Listed records:

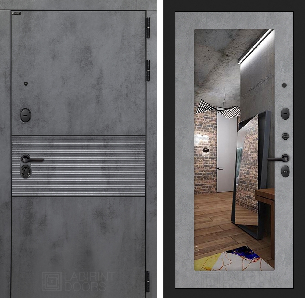 Входная стальная дверь Лабиринт INFINITY с Зеркалом 18 - Бетон светлый
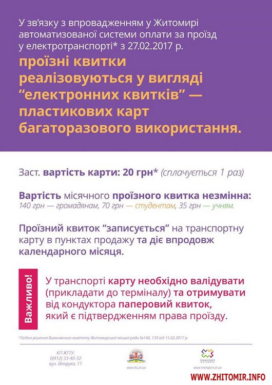 «Відсьогодні в реалізацію у кіосках ЖТТУ надійшов е-квиток. У березні він буде як звичайний проїзний, який потрібно просто пред’являти, однак потім, коли термінали будуть у всьому транспорті, його слід буде валідувати (прикладати до терміналу) та отримувати паперовий квиток. Із квітня свій е-квиток потрібно буде «поповнювати» у точках продажу ЖТТУ». – пояснив Фурлет.
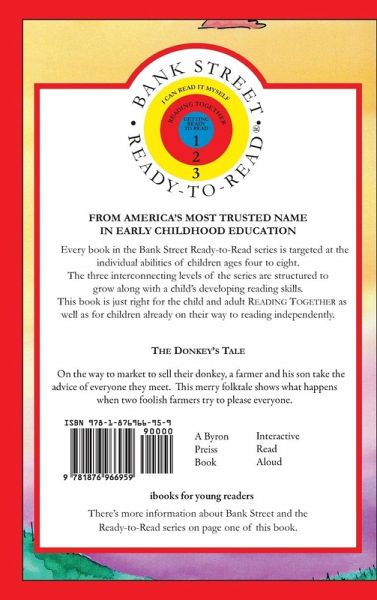 On the way to market to sell their donkey, a farmer and his son take the advice of everyone they meet. This merry folktale shows what happens when two foolish farmers try to please everyone. FROM AMERICA'S MOST TRUSTED NAME IN EARLY CHILDHOOD EDUCATION More than seventy years of educational research and innovative teaching have given the Bank Street College of Education the reputation as America's most trusted name in early childhood education. Because no two children are exactly alike in their development, we have designed the Bank Street Ready-to-Read series in three levels to accommodate the individual stages of reading readiness of children ages four through eight. • Level 1: GETTING READY TO READ- (PRE-K to GRADE 1) Books are perfect for reading aloud with children who are getting ready to read or are just beginning to read words or phrases. • Level 2: READING TOGETHER-(GRADES 1 to 3) Books are written especiallly for children who are on their way to reading independently but who may need help. • Level 3: I CAN READ IT MYSELF-(GRADES 2 to 3) Books are designed for children able to read on their own. They also can be enjoyed as read-alouds.
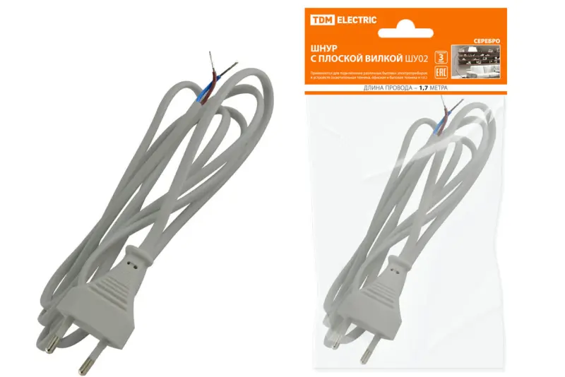 Шнур с плоской вилкой ШУ02 ШВВП 2х0,75мм2 1,7 м. серебр. металлик TDM
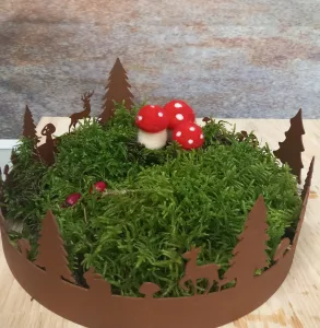 Der Ring kann wunderschön mit Moos oder Dekoelementen  bestückt werden.

What the exercise asks: Your answer must be an exact copy of the records above, with every picture left out.

Response to the task:
 Входная стальная дверь Лабиринт INFINITY с Зеркалом 18 - Бетон светлый
 «Відсьогодні в реалізацію у кіосках ЖТТУ надійшов е-квиток. У березні він буде як звичайний проїзний, який потрібно просто пред’являти, однак потім, коли термінали будуть у всьому транспорті, його слід буде валідувати (прикладати до терміналу) та отримувати паперовий квиток. Із квітня свій е-квиток потрібно буде «поповнювати» у точках продажу ЖТТУ». – пояснив Фурлет.
 On the way to market to sell their donkey, a farmer and his son take the advice of everyone they meet. This merry folktale shows what happens when two foolish farmers try to please everyone. FROM AMERICA'S MOST TRUSTED NAME IN EARLY CHILDHOOD EDUCATION More than seventy years of educational research and innovative teaching have given the Bank Street College of Education the reputation as America's most trusted name in early childhood education. Because no two children are exactly alike in their development, we have designed the Bank Street Ready-to-Read series in three levels to accommodate the individual stages of reading readiness of children ages four through eight. • Level 1: GETTING READY TO READ- (PRE-K to GRADE 1) Books are perfect for reading aloud with children who are getting ready to read or are just beginning to read words or phrases. • Level 2: READING TOGETHER-(GRADES 1 to 3) Books are written especiallly for children who are on their way to reading independently but who may need help. • Level 3: I CAN READ IT MYSELF-(GRADES 2 to 3) Books are designed for children able to read on their own. They also can be enjoyed as read-alouds.
 Шнур с плоской вилкой ШУ02 ШВВП 2х0,75мм2 1,7 м. серебр. металлик TDM
 Der Ring kann wunderschön mit Moos oder Dekoelementen  bestückt werden.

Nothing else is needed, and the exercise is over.